Rivers, A.R., Weber. K.C., Gardner T. G., Liu, S., and Armstrong, S.D. 2018. ITSxpress: software to rapidly trim internally transcribed spacer sequences with quality scores for marker gene analysis. F1000 Research. In prep.

Setup

  • Create an Conda environment. For instructions on installing Anaconda or Miniconda see this page: https://conda.io/miniconda.html
  • The workflow is designed to be run on a HPC with a SLURM scheduler
# Create a new conda test environment
conda create --name itsxpresstestenv python=3.6 pandas

# activate the new environment
source activate itsxpresstestenv

# Install itsxpress and ITSx into the new environment
conda install -c bioconda itsxpress=1.6.1 itsx=1.1b

Scripts

The workflow is broken into two parts. The first script, run1.sh distributes tasks with the SLURM scheduler and creates the trimmed fastq's and timing data.
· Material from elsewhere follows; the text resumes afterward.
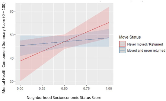 The exposure of interest, neighborhood SES, was positively associated with MCS in our intermediate model though not statistically significant. The confidence interval indicates this association is partially significant. The results from the final model for our analysis, in which we assessed for interaction between residential mobility and neighborhood SES score, are shown in Table 3. In this final model, we observed a statistically significant coefficient for neighborhood SES score, after including the interaction term for move status. For those who did not move or eventually returned to their pre-Katrina neighborhood, every unit increase in neighborhood SES score was associated with an estimated increased mean MCS score by 19.6 (95% CI: 5.8, 33.7). In other words, mental health score improved as neighborhood SES increased for those who did not move or eventually returned to their pre-Katrina neighborhood, controlling for all other variables. The interaction term between neighborhood SES score and move status was statistically significant, suggesting that the effect of neighborhood SES on MCS was modified by move status. The coefficient for this interaction term, −13.14 [95% CI: −27.92, 1.63], further indicates that the positive relationship between neighborhood SES and MCS was attenuated among those who moved and did not return compared to those who did not move or eventually returned to their pre-Katrina residence. Based on the p-value of the interaction coefficient, the effect of neighborhood SES on mental health was modified by move status. To further interpret these findings in a more tangible sense, Figure 2 presents a marginal effects plot to visualize this interaction, how the estimated effect of neighborhood SES varies by move status. A marginal effects plot allows one to interpret results from the statistical model by presenting the estimated predicted values generated by the model [34]. These predictions compare how the outcome, MCS score, changes on average, holding the non-focal variables constant. In this figure, MCS scores increase over time for both slopes. Regardless of move status, mental health was predicted to improve for both groups. However, the slope of those who never moved or returned to their pre-Katrina neighborhood is steeper than the slope of those who moved and never came returned, emphasizing the significance of the interaction. Those who never moved or returned to their pre-Katrina residence have a predicted higher average rate of increase in MCS score (mental health improvement) than those who moved away from their pre-Katrina residence in the 10 years following Hurricane Katrina. Our final model demonstrates that the effect of neighborhood socioeconomic status is different for those who moved away than those who never moved or eventually returned to their pre-Katrina neighborhoods.

Specifically it:

  • merges reads and creates fasta files for ITSx
  • De-replicates fasta files to estimate the proportion of unique reads
  • Creates a CSV file summarizing the number of unique reads with dedup.py
  • Submits the script its_samples.sh for the ITS1 and ITS2 regions to calculate the speedup from using ITSxpress
  • Submits its_threads.sh sbatch jobs for the its1 and its2 regions to understand how the program scales with more cores
  • Submits the script its_100_samples.sh to compare alignment similarity at 100% identity clustering

The second script, run2.sh, summarizes the data and creates graphs. specifically it:

  • Creates CSV's summarizing the timing data for the sample and thread experiments
  • Runs pairwise alignment on the ITSx and ITSxpress results summarizing the differences
  • Creates the plots in the paper using itsxpress_plots.R

Directory structure


.
|-- data
|   |-- its1
|   |   |-- r1
|	  |	  |-- r2
|	  |  	`-- readme.txt
|   |-- its1_derep
|   |-- its2_merged
|	  |-- its1_fasta
|	  |-- its2
|   |   |-- r1
|  	|	  |-- r2
|  	|	  `-- readme.txt
| 	|-- its2_derep
|   |-- its2_merged
|	  `-- its2_fasta
|--scripts
|   |-- run1.sh
|   |-- run2.sh
|   |-- derep.py
|   |-- test_samples.sh
|   |-- test_100_samples.sh
|   |-- test_threads.sh
|   |-- compare_alignments.py
|   |-- parsetiming.py
|   `-- plots.R
|-- output
|-- dedup_out
|-- analysis
`-- README.md

About

Code supporting the paper "ITSxpress: software to rapidly trim internally transcribed spacer sequences with quality scores for marker gene analysis"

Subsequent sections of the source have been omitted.